Researcher(s)
- Connor Kosinski, Biochemistry, University of Delaware
Faculty Mentor(s)
- Neal Zondlo, Chemistry & Biochemistry, University of Delaware
- Catherine Leimkuhler Grimes, Chemistry & Biochemistry, University of Delaware
Abstract
RNA polymerase II (RNA Pol II) is a vital protein, facilitating DNA transcription in all eukaryotes from yeast to humans. The C-terminal domain of RNA Pol II (RNA Pol II-CTD) comprises multiple tandem heptad repeats with the consensus sequence Y1S2P3T4S5P6S7. Up to 52 repeats of this sequence are found within the protein.1 These repeats, rich in Thr/Ser/Pro and Ser/Pro motifs, are known phosphorylation sites, which play a role in protein function by facilitating initiation and termination of transcription. Phosphorylation at serine-5 by TFIIH initiates transcription and recruits enzymes for 5’ capping, while phosphorylation at serine-2 by P-TEFb promotes elongation, splicing, and polyadenylation.2 These modifications induce structural changes that modulate RNA Pol II activity, but the structure is unknown due to its intrinsic disorder. Ssu72 phosphatase, acting on RNA Pol II-CTD, dephosphorylates SP motifs only in the cis-amide conformation, crucial for transcription termination.3 Phosphatases Fcp1 and Ssu72 dephosphorylate serine-2 and serine-5 respectively, playing essential roles in this process.2 Fmoc-L-4,4-difluoroproline (Fmoc-Dfp-OH) acts as a 19F-NMR probe, simplifying the measurement of the equilibrium constant Ktrans/cis by isolating the cis and trans 19F signals from the overlapping 1H signals. This constant provides structural information regarding the relative populations of cis and trans Ser-Pro amide bonds within the peptide sequence.

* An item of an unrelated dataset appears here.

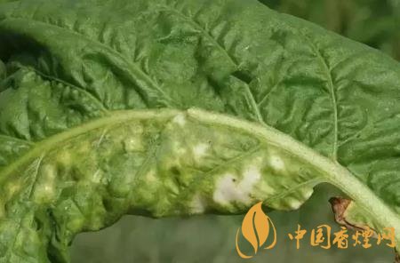 癥狀:幼嫩葉片發(fā)?。翰∪~直立;較大葉片發(fā)?。撼跗谛纬牲S色圓斑,后病斑中間下陷,背面產(chǎn)生灰色或藍色霉層,嚴(yán)重時病斑融合成褐色壞死大斑,病葉皺縮扭曲。常表現(xiàn)系統(tǒng)感染,煙株矮化凋萎。在花、蒴果上也出現(xiàn)病斑。

Probing this structural change in the TSP sequence as a function of phosphorylation could provide a means to assess how these effects modulate RNA pol II activity. This hypothesis was tested to study the conformational effects of phosphorylation preceding proline through the synthesis of multiple YSPTSDfpS sequences with defined phosphorylation patterns.